With the quest for redemption at its heart and the grand desert vistas as its backdrop, Zaritsky is optimistic the film will find theatrical distribution in Canada and the U.S. via TIFF. It’s presold to CBC. www.pointgreypictures.com
HERE IS WHAT IS
Directors: Adam Vollick, Daniel Lanois, Adam Samuels
Musician Daniel Lanois, famed for his own work and for producing such acts as U2, Brian Eno and Emmylou Harris, thinks that in the last 15 years, the music biz has become ‘more about the crib than about listening to the music…that is the pornography of the music world.’
So when a friend asked him why he has no footage of ‘interesting’ recording sessions, of making music, he bought equipment, hired crew and worked with them on a self-financed $600,000-plus documentary that encourages slowing down and listening. ‘Greatness exists at the moment,’ he says, and is found ‘at the altar of commitment.’
This musical journey follows Lanois through five cities. Mixing grainy black and white with surreal neon color, close-ups of hands playing with a salsa dancer’s sexy moves, the film opens with a four-minute sequence of The Band multi-instrumentalist Garth Hudson on guitar, shot in Lanois’ Toronto studio.
In the Zion Baptist Church in Shreveport, LA., Brady Blade Sr. does a mesmerizing, bluesy take on the Negro spiritual This May Be the Last Time.
There will be scenes of Lanois and Brian Eno working with U2 in Fez, Morocco and philosophizing about how beauty can come ‘from shit.’
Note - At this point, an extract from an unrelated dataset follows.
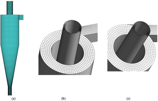 This study employed CFD-FLUENT to conduct a numerical analysis of the flow field and particle classification performance within the hydrocyclone. Before performing numerical analysis on the physical model, mesh generation must first be implemented. Common mesh types include tetrahedral and hexahedral meshes [15,16]. While tetrahedral meshes are simple to partition, they typically offer lower computational accuracy and are usually suitable for large and irregular volumes. In contrast, hexahedral meshes, characterized by high precision and faster computation speeds, are widely used for meshing regular objects. This study adopted Fluent 22.0 for the numerical simulation of hydrocyclones, which was generally divided into two steps. Firstly, the RSM+VOF model was used to conduct numerical analysis of the internal flow field of the hydrocyclone, with the flow field balance at the inlet and outlet as the convergence criterion—the error did not exceed 2%, the residuals were less than 1 × 10−5, the number of operating steps was not less than 60,000, and the operating time was 21 h. Secondly, the RSM+Mixture model was employed for the numerical simulation of the particle phase, taking the flow balance of particles with different sizes at the inlet and outlet as the convergence condition, where the error did not exceed 2%, the operating time was 36 h, and the number of operating steps was 80,000. Therefore, this study utilized ICEM 22.0 to create a hexahedral mesh for the physical model. To capture the subtle flow near the vortex finder, the mesh was refined along the wall surface of the vortex finder, as shown in Figure 2. The number of mesh elements is a key parameter affecting computational accuracy and efficiency. Consequently, to select an appropriate number of mesh elements, a mesh independence verification was conducted, illustrated in Figure 3. Tangential velocity was adopted as the evaluation criterion; when the number of mesh elements exceeded 3.09 × 105, the tangential velocity showed little variation with changes in mesh count, indicating that further increases in mesh quantity would not enhance numerical accuracy. To save computational time, this study selected 3.2 × 105 hexahedral mesh elements as the computing domain units. The convergence condition is based on balancing the inflow and outflow rates.
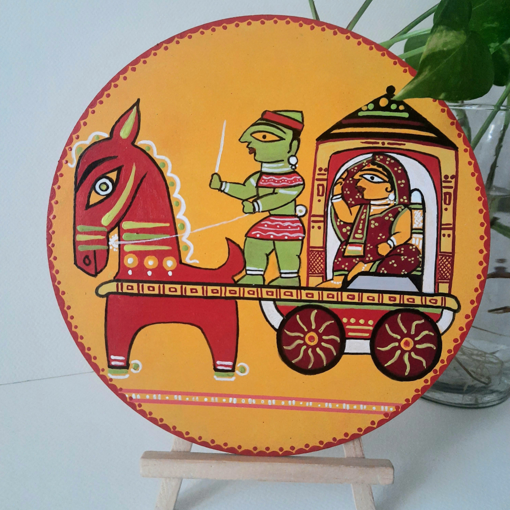 Table-top decorative mdf plates in 8" size: Bengali lady in horse-drawn carriage Bring the beauty of authentic and traditional Indian art forms into your home. This handpainted Jamini Roy plate will make any corner of your home lively and colourful. Size:8 inch round Materials used: mdf board, acrylic colours Size: 8" round Type: Table-top decor item Stand included • Colourful and vibrant • Handpainted, handmade • Traditional Indian painting • Varnished , easy to clean • 7" mini easel (wooden stand ) provided for ease of display • Dispatch time: 8 days

We’ll catch up with Sinead O’Connor ‘rebuilding her career’ in Dublin and there are also guest appearances by Willie Nelson, Carolina Cerisola, Emmylou Harris, Aaron Neville and Billy Bob Thornton, who stops by in L.A. www.daniellanois.com
MY WINNIPEG
Director: Guy Maddin,
Producers: Jody Shapiro, Phyllis Laing
If there can be anything simple about a Guy Maddin film, coproducer Jody Shapiro’s synopsis of this film is it: ‘It’s Guy questioning why he’s had trouble leaving Winnipeg.’
Shot ‘99% in black and white’ during the past two Februarys, My Winnipeg is Maddin’s $600,000 journey through the city that’s been his muse for decades. He revisits favorite spots – some where a building or landmark is still present and others that are no longer – and tells some stories.
He directs family members, mostly his mom, and has actors recreate moments from his childhood. He remembers where the Winnipeg Arena stood when it housed the Winnipeg Maroons, the Happyland amusement park, The Forks, the railway station and the Wolseley Elm, plus Eaton’s, The Bay and, of course, the Red River.
If you start with the notion that Maddin will narrate this ‘docu-fantasia’ live at TIFF, adding his poetic, surreal sensibility, factor in his humor and his consciousness of Winnipeg as a ‘city of sleepwalkers’ that reveals itself as magical and mystical ‘under layers of snow,’ we’d never mistake this town as anyone else’s Winnipeg.
The Documentary Channel’s Michael Burns wouldn’t want anyone else’s Winnipeg, and he commissioned the film.
HEAVY METAL IN BAGHDAD
Directors: Eddy Moretti, Suroosh Alvi
Producers: Monica Hampton, Suroosh Alvi, Eddy Moretti
After New York-based Vice magazine ran an article, just after the fall of Saddam Hussein’s regime, about the only heavy metal band in Iraq, Vice Films decided to try to put the story of Acrassicauda in motion. After false starts trying to get to Baghdad, and after having arranged for a colleague in the Iraqi capital to shoot one concert, codirectors Eddy Moretti and Suroosh Alvi finally made it to Baghdad last year, buttressed by security.
By then, only two of the band’s original five members were still in Iraq, one having left for Canada and two others for a safer Arabic country.
The film, says Moretti, is about the filmmakers’ winding journey to Iraq, about hanging with the remaining players in what proves, literally, to be an explosive place, about the logistical obstacles war zones throw at people who come bearing cameras, and about what happens next in the band’s chaotic existence.